Set down, unchanged, the line holding "Abito mini pied" and all lines that follow it to the end of the material, leaving pictures out.
╭─ Supplied information
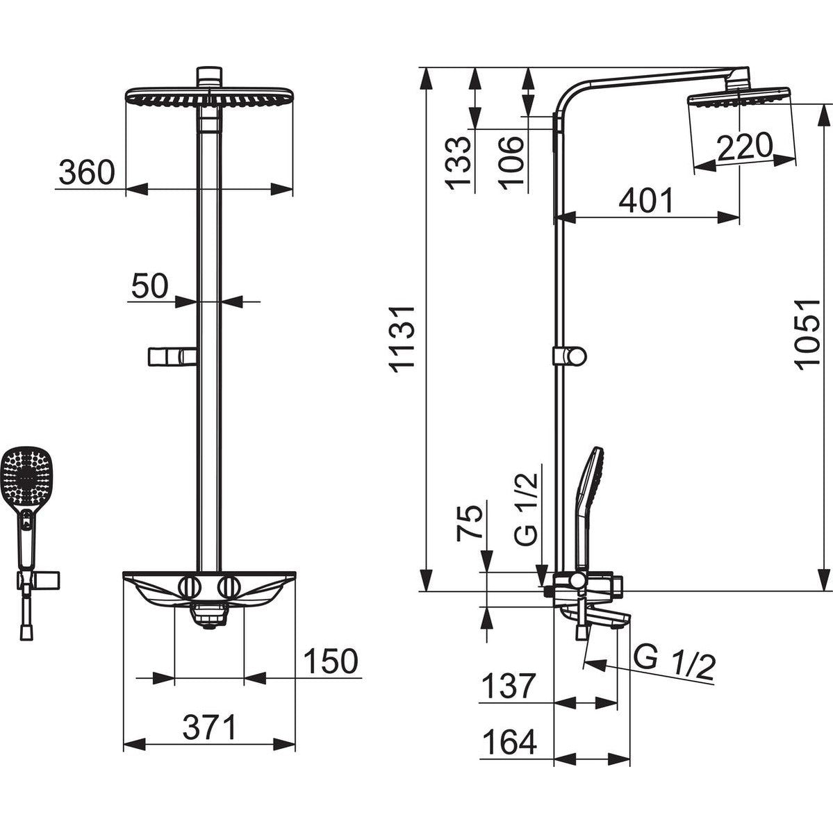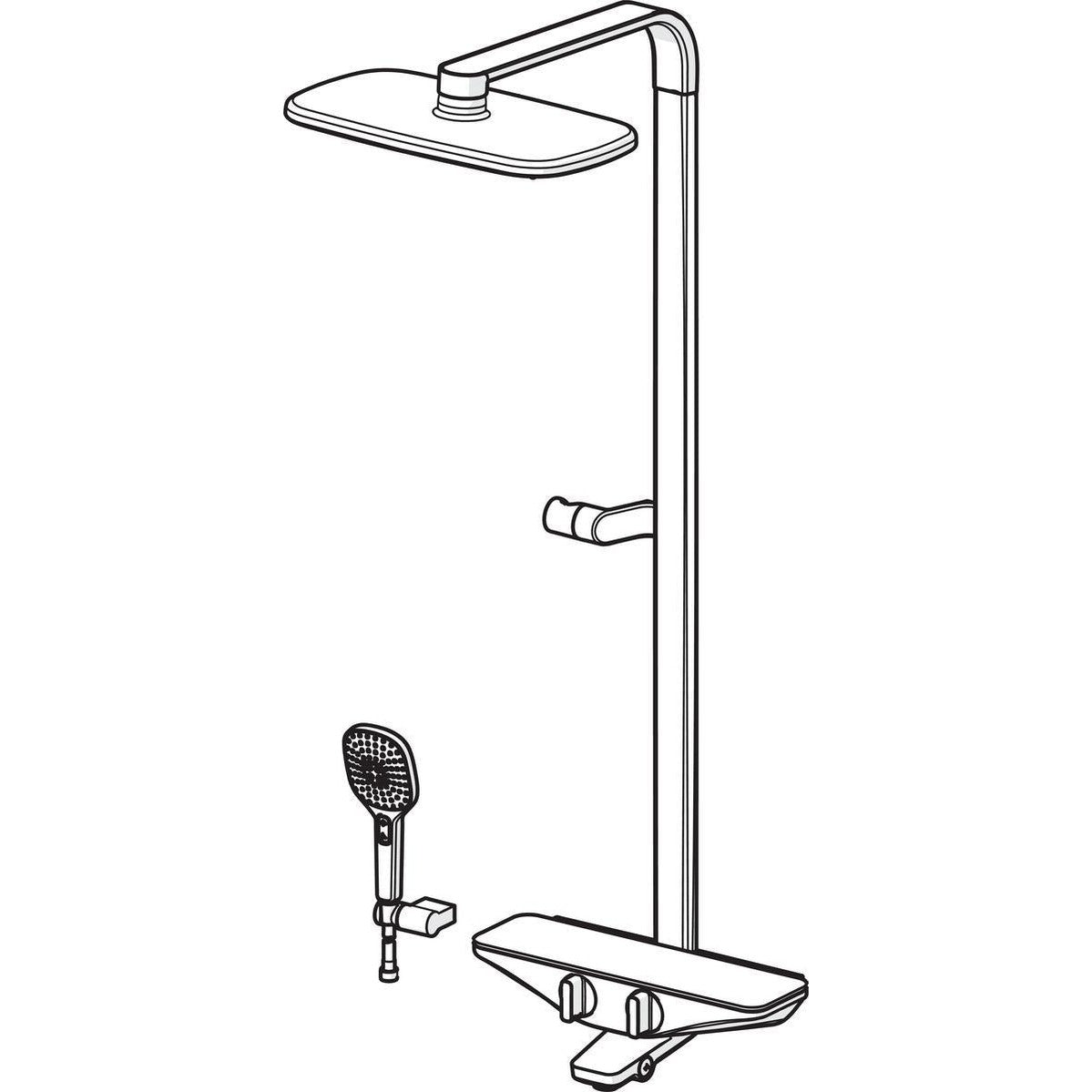 Termostaattinen sadesuihkuhana juoksuputkella. Iso kattosuihku (360 x 220 mm) ja käsisuihku. Hanan päällä tilava, turvalasista tehty hylly. Helppokäyttöiset kahvat ja vaihdin. Lämpötilanrajoitin kahvassa. Oras Hydractiva Style -käsisuihku, jossa kolme toimintoa. Sisältää seinäkiinnikkeen. Hanassa on roskasiivilät ja yksisuuntaventtiilit. Harmaa tai valkoinen.
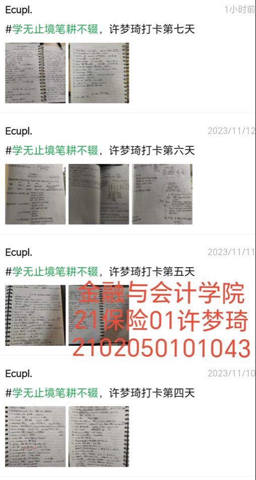 百舸争流,奋楫者先,为者常成,行者常至。在紧张而充实的学习生活中,同学们通过打卡拍照的方式上传个人每天的学习笔记,展现了大家积极向上的学习热情和认真踏实的学习态度。在本次活动中,共有230多名同学参与其中,大家通过朋友圈打卡的形式,不仅每日“晒”出自己的学习进度,也在朋辈之间营造了浓厚的学习氛围。
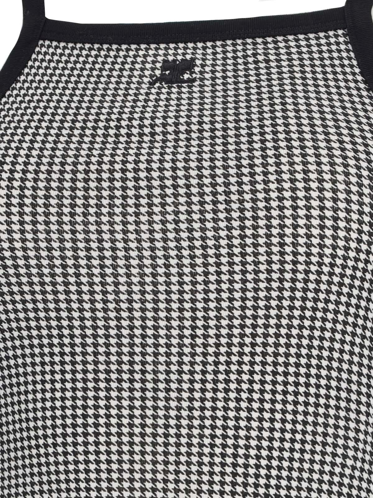 Abito mini pied de poule Courrèges, in cotone grigio, dettagli neri, smanicato, spalline sottili, logo ricamato fronte, orlo dritto.
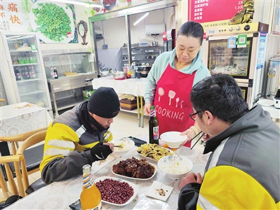 “到这来吃会比较方便,中午我不想回去做饭,就在这里吃,再就是祖大姐这里卫生做得很好,吃着安全放心。”美团外卖配送员陈刚说。下午2点多,几名刚忙完的外卖配送员,在祖彩霞的小店里吃上了热乎的饭菜。原来,根据快递小哥用餐时间不规律的特点,祖彩霞推出了延时留餐服务,为午饭时段微信留言的快递小哥、外卖员留餐至下午3点。
╰─
§ Reply:
 Abito mini pied de poule Courrèges, in cotone grigio, dettagli neri, smanicato, spalline sottili, logo ricamato fronte, orlo dritto.
 “到这来吃会比较方便,中午我不想回去做饭,就在这里吃,再就是祖大姐这里卫生做得很好,吃着安全放心。”美团外卖配送员陈刚说。下午2点多,几名刚忙完的外卖配送员,在祖彩霞的小店里吃上了热乎的饭菜。原来,根据快递小哥用餐时间不规律的特点,祖彩霞推出了延时留餐服务,为午饭时段微信留言的快递小哥、外卖员留餐至下午3点。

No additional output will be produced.